WHAT IS BEING ASKED:
In the records below, find the line with "Direct Impacts: the", then retype it and every following line exactly, stopping after the line with "赛后李新翔更新社媒,晒出球队". Leave the pictures out.

SUPPLIED ENTRIES:
----

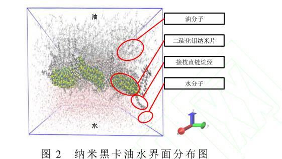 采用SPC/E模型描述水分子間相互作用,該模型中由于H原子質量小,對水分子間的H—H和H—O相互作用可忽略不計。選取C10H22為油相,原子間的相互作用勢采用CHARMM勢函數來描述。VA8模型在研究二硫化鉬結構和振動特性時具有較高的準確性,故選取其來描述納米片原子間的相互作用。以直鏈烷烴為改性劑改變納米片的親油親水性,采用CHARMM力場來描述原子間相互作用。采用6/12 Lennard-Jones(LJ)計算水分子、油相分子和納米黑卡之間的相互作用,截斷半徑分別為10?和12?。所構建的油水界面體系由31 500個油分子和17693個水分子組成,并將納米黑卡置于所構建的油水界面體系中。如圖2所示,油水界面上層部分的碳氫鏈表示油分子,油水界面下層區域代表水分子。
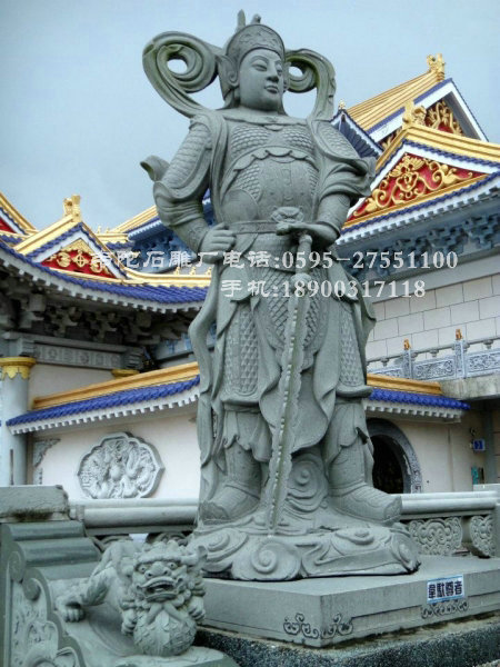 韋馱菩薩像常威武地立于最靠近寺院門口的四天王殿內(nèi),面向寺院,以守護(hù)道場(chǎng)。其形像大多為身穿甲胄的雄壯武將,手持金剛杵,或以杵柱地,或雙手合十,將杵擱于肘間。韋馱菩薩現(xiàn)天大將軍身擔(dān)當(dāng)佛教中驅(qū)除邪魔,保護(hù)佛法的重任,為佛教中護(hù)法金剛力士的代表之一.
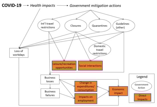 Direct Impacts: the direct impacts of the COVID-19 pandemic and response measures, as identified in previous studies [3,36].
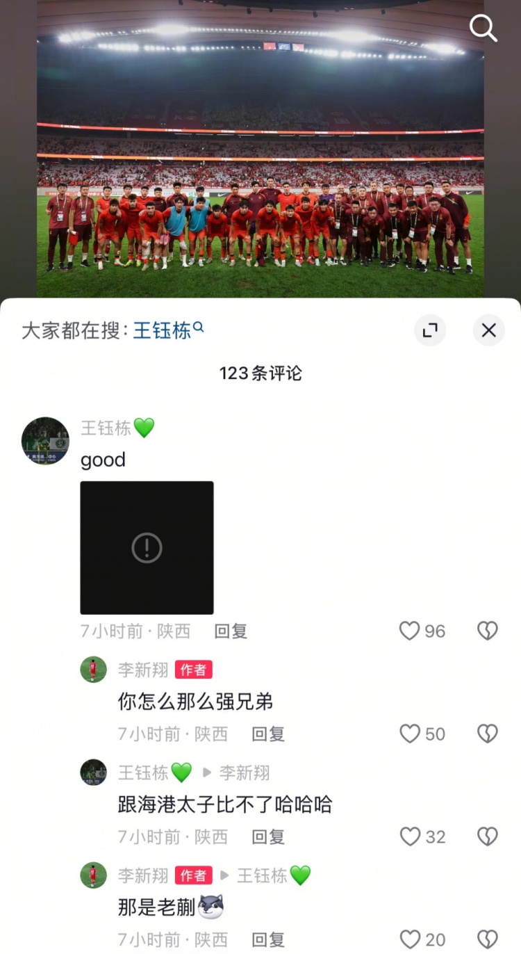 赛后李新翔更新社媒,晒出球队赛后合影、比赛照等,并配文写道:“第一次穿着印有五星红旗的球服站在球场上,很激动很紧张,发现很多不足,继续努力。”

----

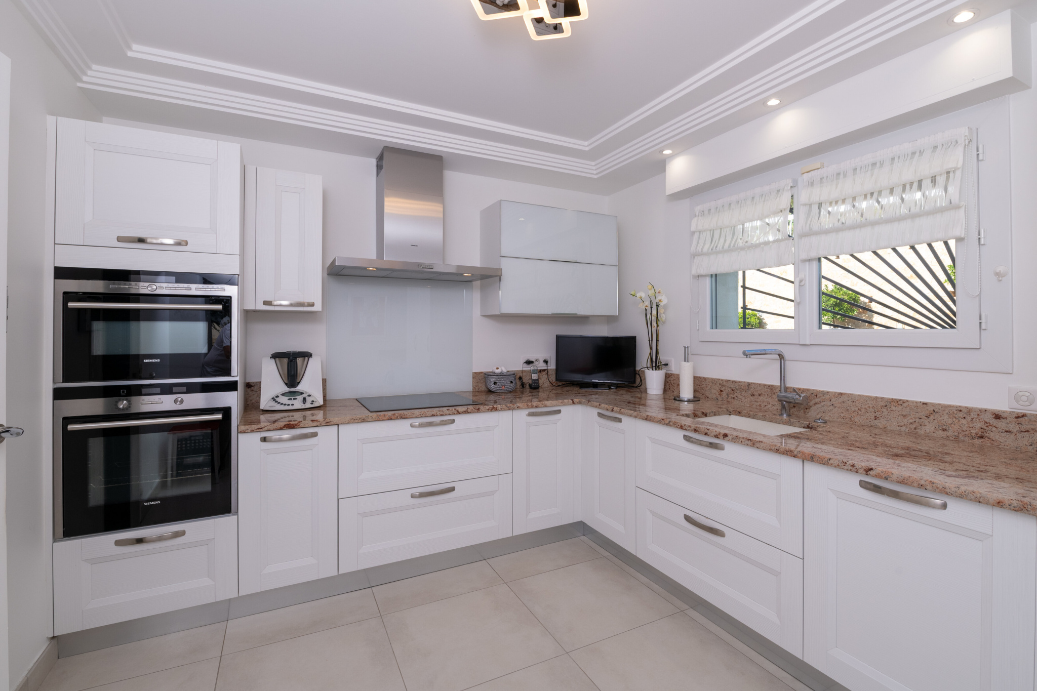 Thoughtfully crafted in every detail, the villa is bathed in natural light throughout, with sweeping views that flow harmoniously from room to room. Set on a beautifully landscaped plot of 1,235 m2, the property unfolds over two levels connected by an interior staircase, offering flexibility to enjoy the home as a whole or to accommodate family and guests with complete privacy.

----

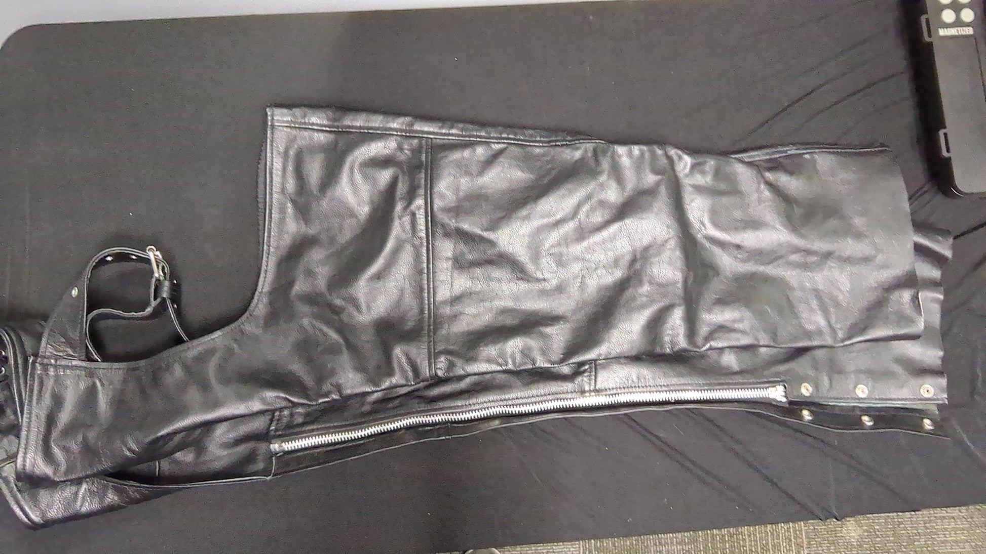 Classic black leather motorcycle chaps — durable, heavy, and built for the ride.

----

COMPLETED TASK:
 Direct Impacts: the direct impacts of the COVID-19 pandemic and response measures, as identified in previous studies [3,36].
 赛后李新翔更新社媒,晒出球队赛后合影、比赛照等,并配文写道:“第一次穿着印有五星红旗的球服站在球场上,很激动很紧张,发现很多不足,继续努力。”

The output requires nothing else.